GIVEN MATERIAL:

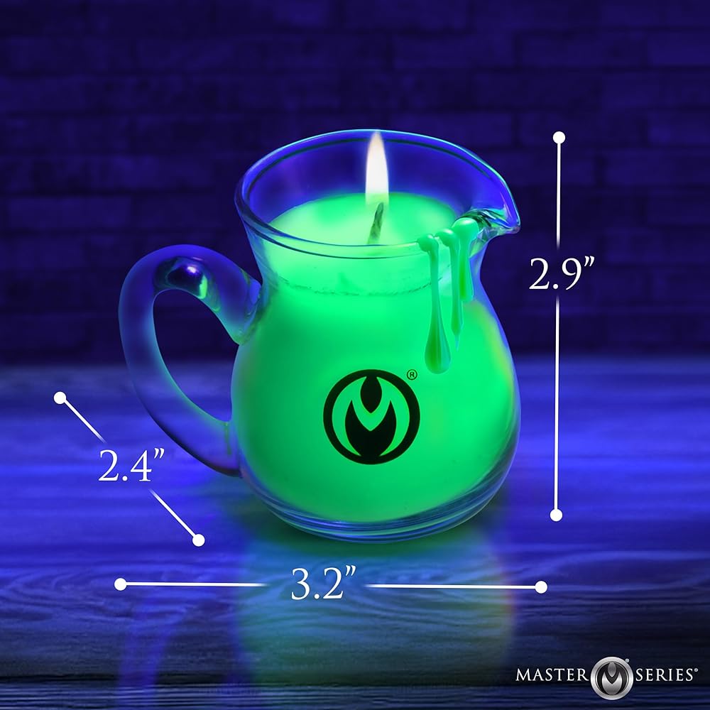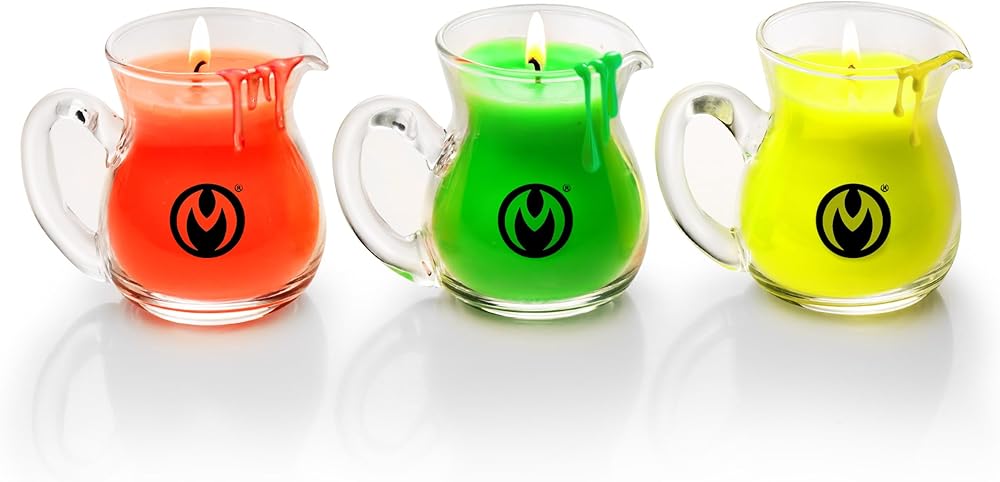Elevate your bdsm and bondage play with this set of Blacklight Wax Play Pitchers, crafted for safe, sexy, and visually stunning temperature play. These UV-reactive candles glow in vivid neon red, green, and yellow under blacklight, adding a dramatic flair to any scene. The unscented soy-paraffin blend melts at a low temperature, making it ideal for skin contact while also offering a moisturizing touch. Each soda-lime glass pitcher features a convenient pouring lip for control and precision. Whether you're new to wax play or a seasoned Dom or sub, this set brings intensity, safety, and unforgettable visual effects to your intimate experiences.
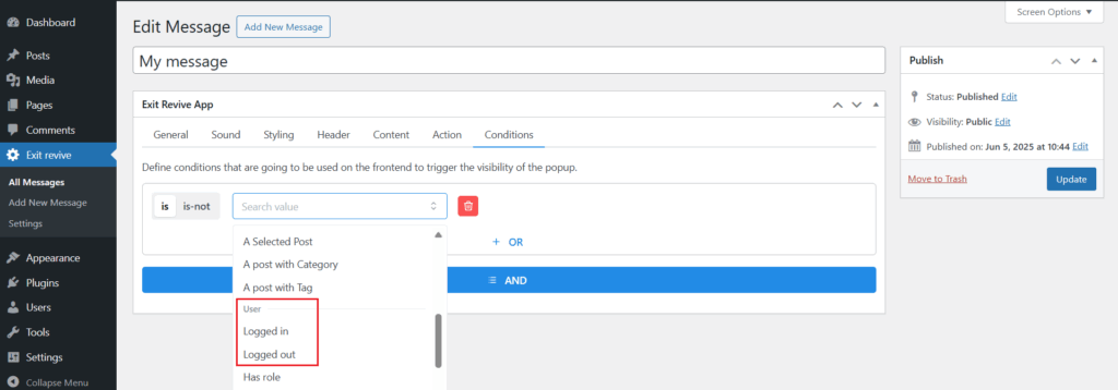 Exit Revive lets you create targeted popups based on user behavior and page context. Sometimes, you may want your message to show only to logged-in users—like a special offer for your members—or just to visitors who aren’t logged in yet.
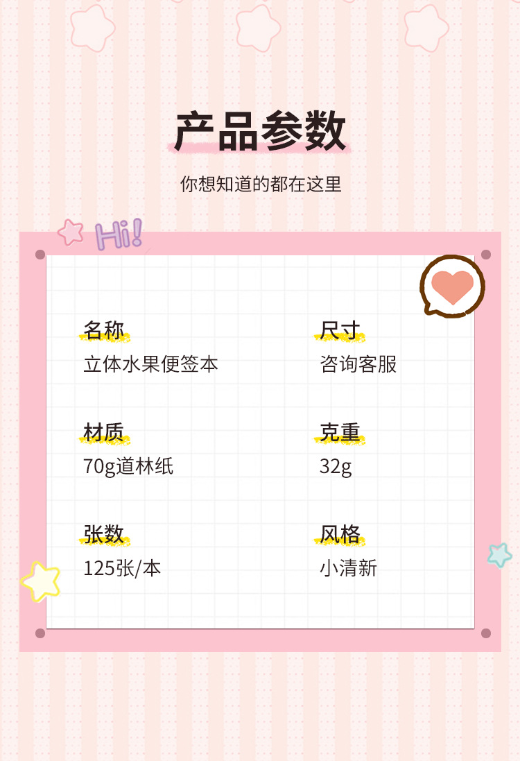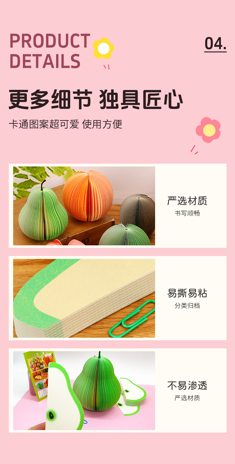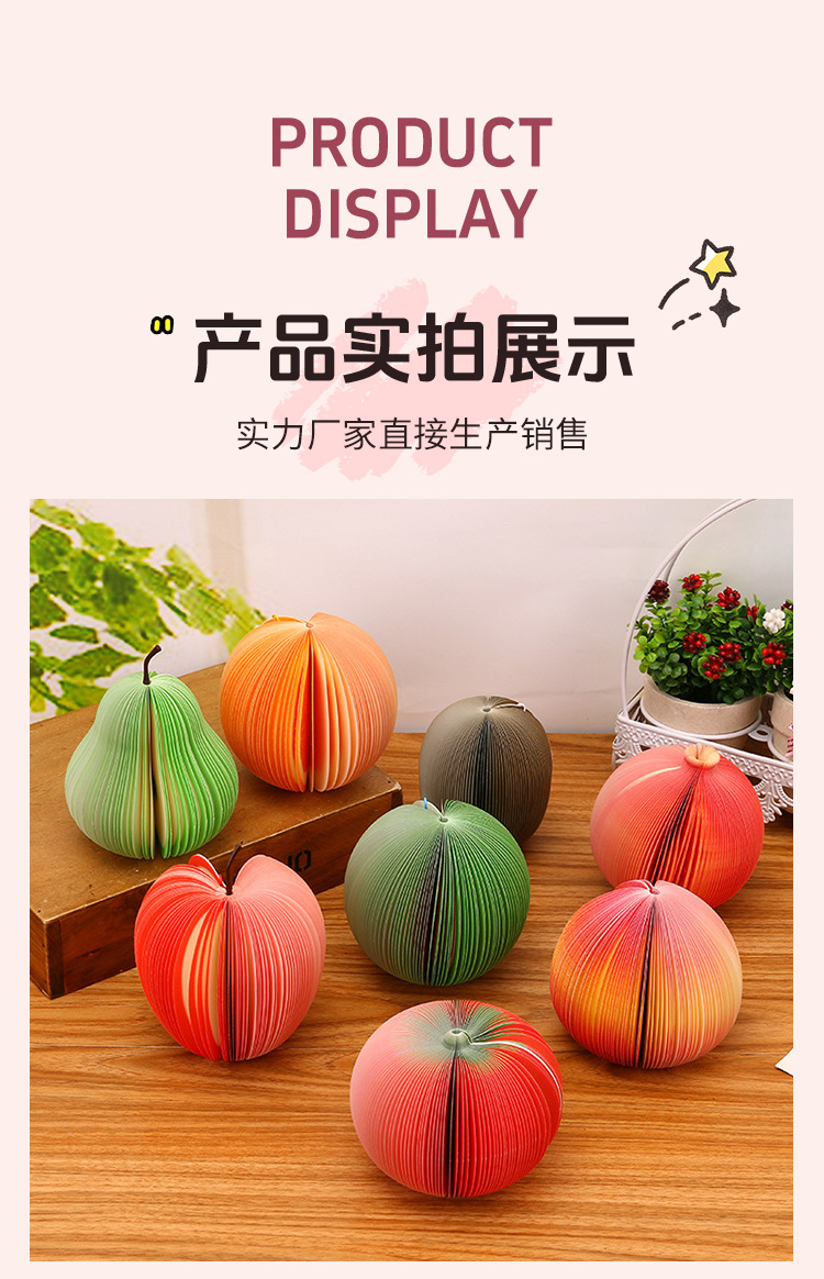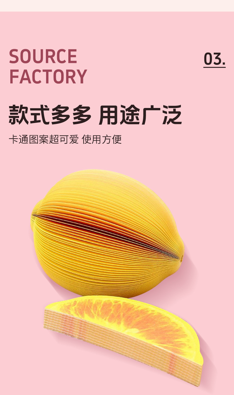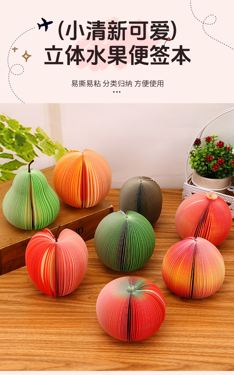 厂家批发立体创意水果无粘性便签纸 ins小清新可爱异形留言便签本

TASK INSTRUCTIONS:
What is needed is an exact copy of the lines from the line with "Exit Revive lets" to the end of the data above, both included, without any pictures.

RESPONSE AREA:
 Exit Revive lets you create targeted popups based on user behavior and page context. Sometimes, you may want your message to show only to logged-in users—like a special offer for your members—or just to visitors who aren’t logged in yet.
 厂家批发立体创意水果无粘性便签纸 ins小清新可爱异形留言便签本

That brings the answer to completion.